No, sadly that just gave me an:

Unknown MEX argument '--gpu-architecture=compute_61'.

error. I suspect the flags needs to be after NVCCFLAGS in order for matlabs mexcuda not to reject it.

It tries to compile if I use the commmand you mentioned:
setenv(‘NVCCFLAGS’, ‘-gencode=arch=compute_61,code=sm_61’);
But again I get the same error about atomicAdd as before.

similar problem (related to matlab/mex) was reported here:

https://stackoverflow.com/questions/47772319/getting-started-with-int8-arithmetic-using-dp4a

if you study the above, you’ll note that your matlab may have some “default” settings for arch. If any of these “default” settings for arch are inconsistent with your usage of double atomicAdd, then you will get the error, even though you have added the sm_61 arch switch. Therefore to get this to work as you have written it, if there are conflicting arch settings, you would need to remove those other conflicting settings (which I don’t think can be done purely with the NVCCFLAGS environment variable).
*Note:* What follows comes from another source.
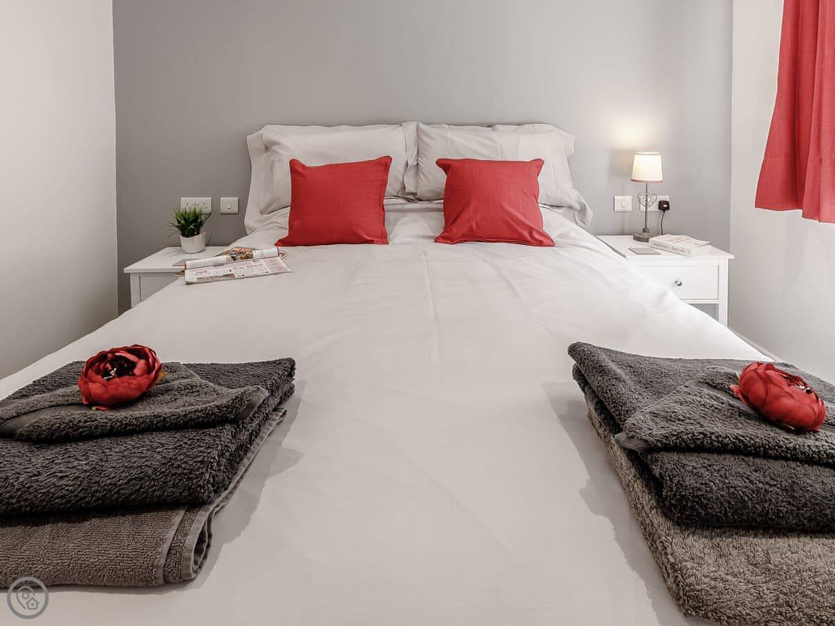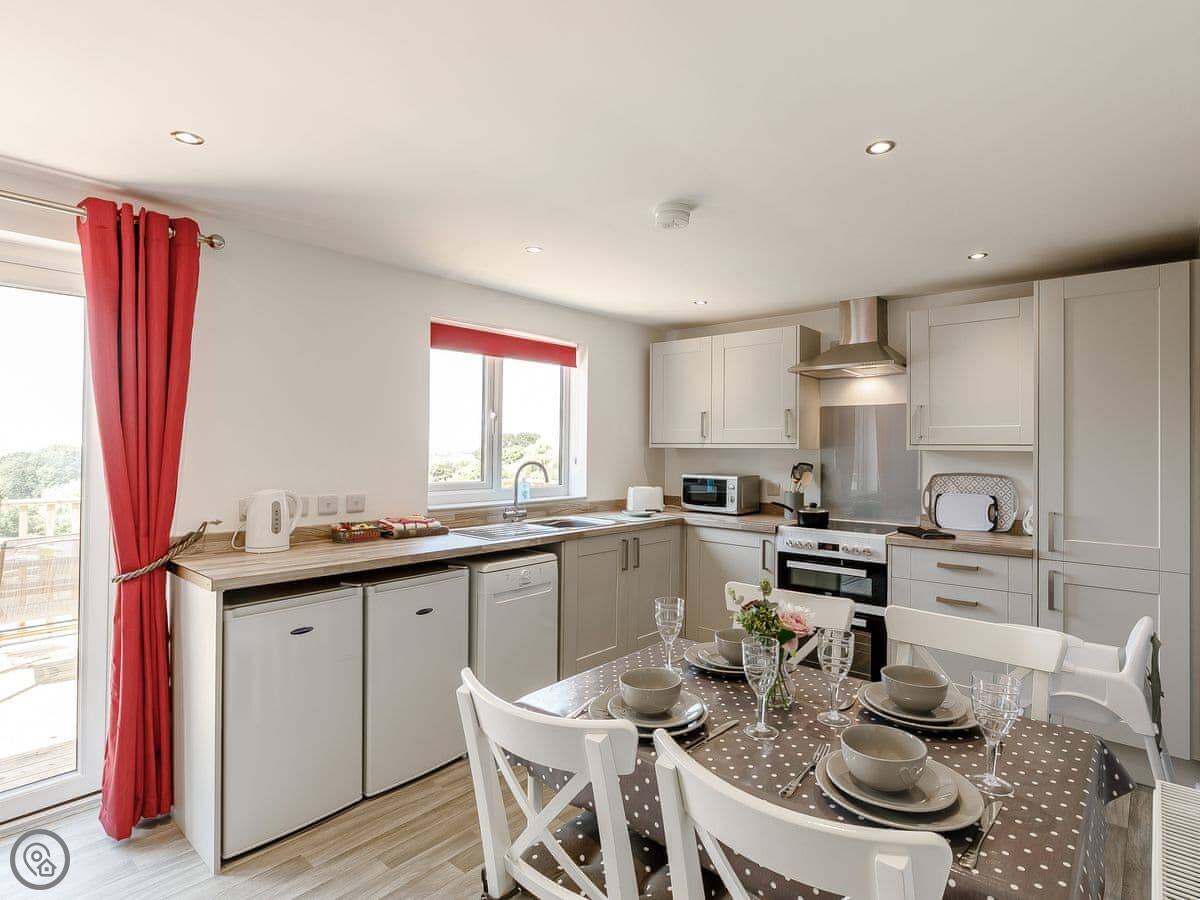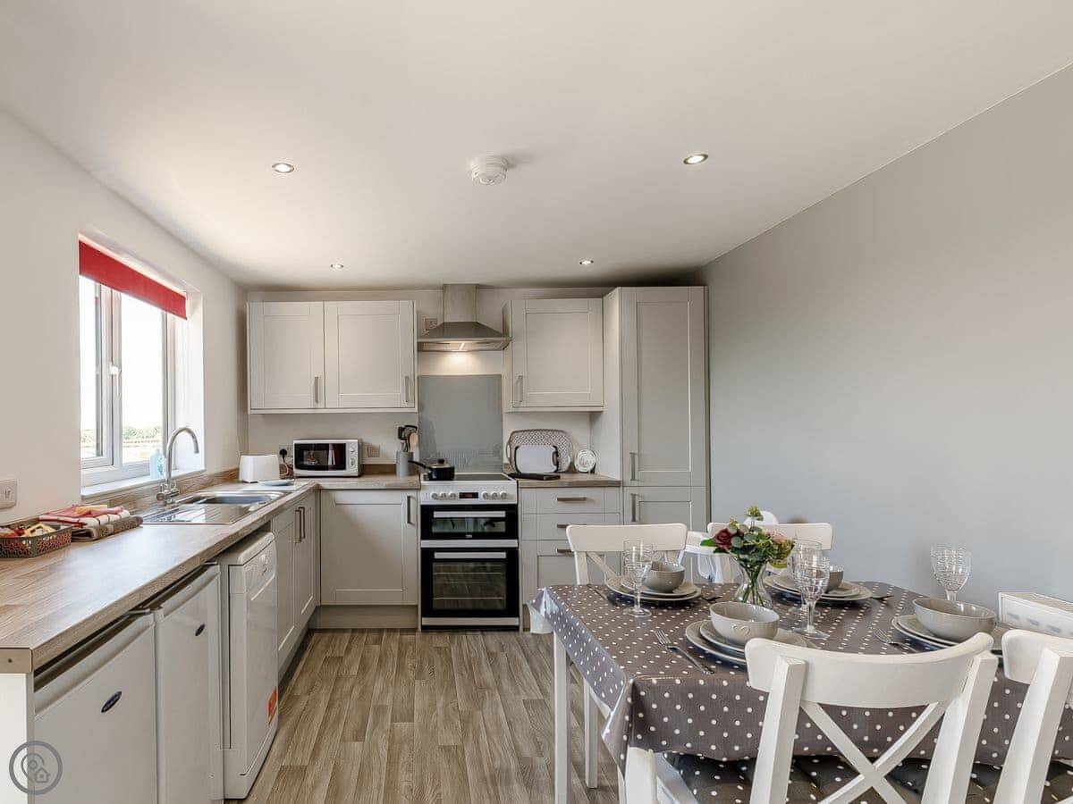 Inside, it's open plan. There's a dishwasher, Wi-Fi, and parking right outside. Bedding and towels are included. There's a cot and a highchair if you need them.

Another possible method to work around this is to do what is described in the programming guide:

http://docs.nvidia.com/cuda/cuda-c-programming-guide/index.html#atomic-functions

i.e. provide a double atomicAdd implementation that will only be selected for arch settings that don’t provide a built-in one. Just copy-paste that device function (along with the #if compiler directives surrounding it) listed in the programming guide into the code you are compiling with mexcuda, before any functions (global or device) that use double atomicAdd

I believe this method combined with setting NVCCFLAGS should give you what you want.

Mexcuda would not compile when copy-pasting the atomicAdd example from the documentation. It complained about atomicAdd already being defined.

But modifying the xml files as was suggested on the stackoverflow thread actually worked!! Finally! Thank you for the link.